▶ _WORK REQUIRED_:
Write out a word-for-word repetition of the lines that come before the line containing "Los capturados responden" in the listing below, along with that line itself, omitting pictures.
*** MATERIAL PROVIDED ***
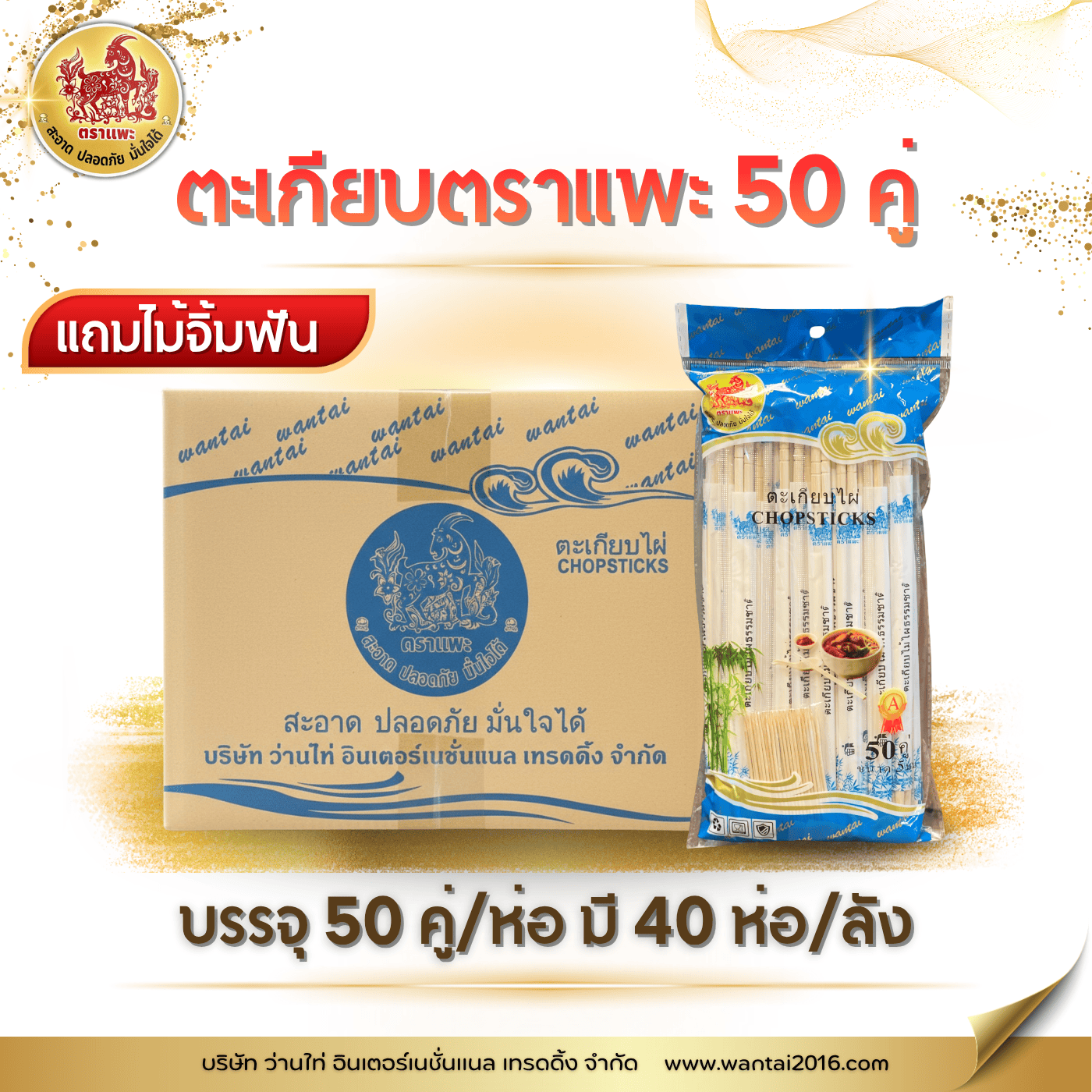 ตะเกียบไม้ไผ่ตราแพะฟ้า แถมไม้จิ้มฟัน บรรจุ : 50คู่ / ห่อ (40ห่อ/ลัง) ขนาด ยาว 22 ซ.ม หนา 5 มม. ตะเกียบไม้ไผ่ธรรมชาติ ใช้ครั้งเดียว ใช้คีบอาหาร สะดวกในการพกพา สะอาดปลอดภัย มีพลาสติกห่อหุ้ม ไม่ทำให้เกิดอันตรายต่อสุขภาพ ผลิตจากไม้ไผ่ ไม่มีสารปนเปื้อน ปลอดภัยใช้กับอาหารได้
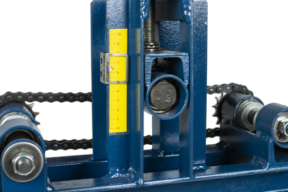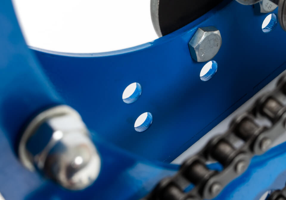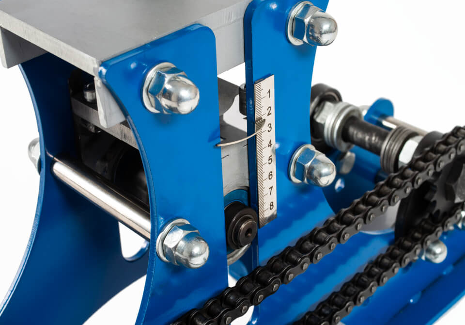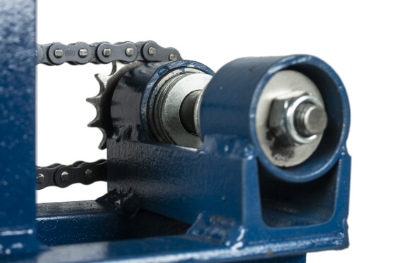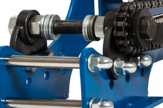 Вороненая рукоятка прижимного винта защищена от ржавчины. Рукоятка привода цепи из твердого каучука. Аккуратные сварные швы и края без задиров. Подшипники закрытого типа, которые не нужно смазывать
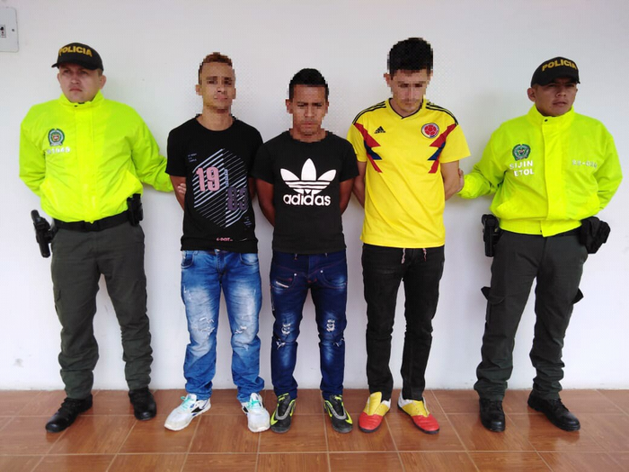 Los capturados responden a los nombres de Jabinson Andres Prieto Méndez, Alias Chelo, y Víctor Alfonzo Rojas campos, Alias el Mono, quienes están sindicados por el delito de Hurto calificado y agravado, fabricación, tráfico o porte de armas de fuego o municiones, en hechos criminales en hurtos en carretera, más propiamente en el trayecto Chaparral – Rioblanco.
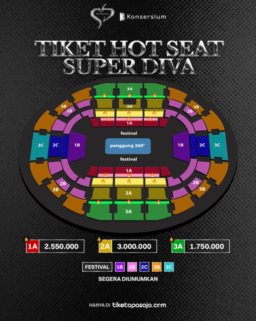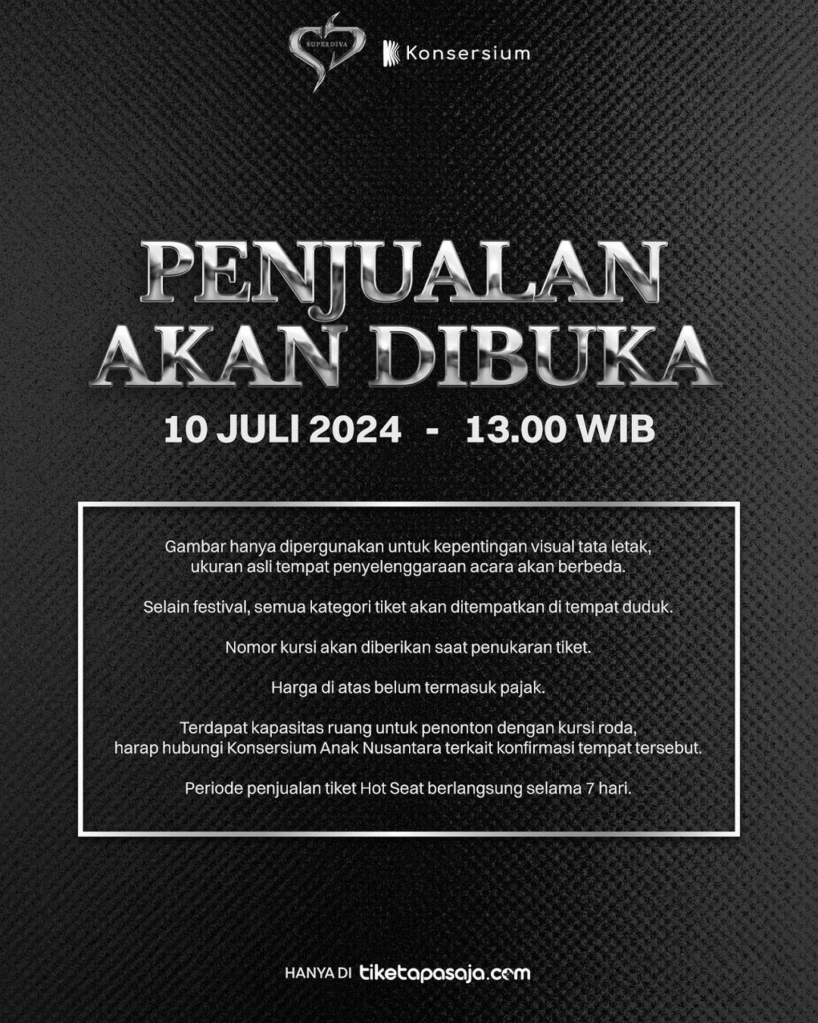Dapatkan kesempatan terbatas untuk merasakan energi kolaborasi spektakuler dan pengalaman musik yang intim dengan membeli tiket Hot Seat. Perlu diketahui bahwa tiket sangat terbatas! Periode penjualan hanya 7 hari saja, penjualan tiket Hot Seat terhitung mulai pada 10 Juli 2024 mulai pukul 13.00 WIB hanya di tiketapasaja.com, sedangkan tiket regular akan tersedia mulai 25 Juli 2024. Siap-siap untuk membeli tiket terbatas Hot Seat ini dan pastikan anda semua tidak kehilangan kesempatan untuk menyaksikan SUPER DIVA yang menakjubkan ini dari barisan paling ‘Hot Seat’.
*** End of MATERIAL PROVIDED ***
▶ _PROBLEM SOLUTION_:
 ตะเกียบไม้ไผ่ตราแพะฟ้า แถมไม้จิ้มฟัน บรรจุ : 50คู่ / ห่อ (40ห่อ/ลัง) ขนาด ยาว 22 ซ.ม หนา 5 มม. ตะเกียบไม้ไผ่ธรรมชาติ ใช้ครั้งเดียว ใช้คีบอาหาร สะดวกในการพกพา สะอาดปลอดภัย มีพลาสติกห่อหุ้ม ไม่ทำให้เกิดอันตรายต่อสุขภาพ ผลิตจากไม้ไผ่ ไม่มีสารปนเปื้อน ปลอดภัยใช้กับอาหารได้
 Вороненая рукоятка прижимного винта защищена от ржавчины. Рукоятка привода цепи из твердого каучука. Аккуратные сварные швы и края без задиров. Подшипники закрытого типа, которые не нужно смазывать
 Los capturados responden a los nombres de Jabinson Andres Prieto Méndez, Alias Chelo, y Víctor Alfonzo Rojas campos, Alias el Mono, quienes están sindicados por el delito de Hurto calificado y agravado, fabricación, tráfico o porte de armas de fuego o municiones, en hechos criminales en hurtos en carretera, más propiamente en el trayecto Chaparral – Rioblanco.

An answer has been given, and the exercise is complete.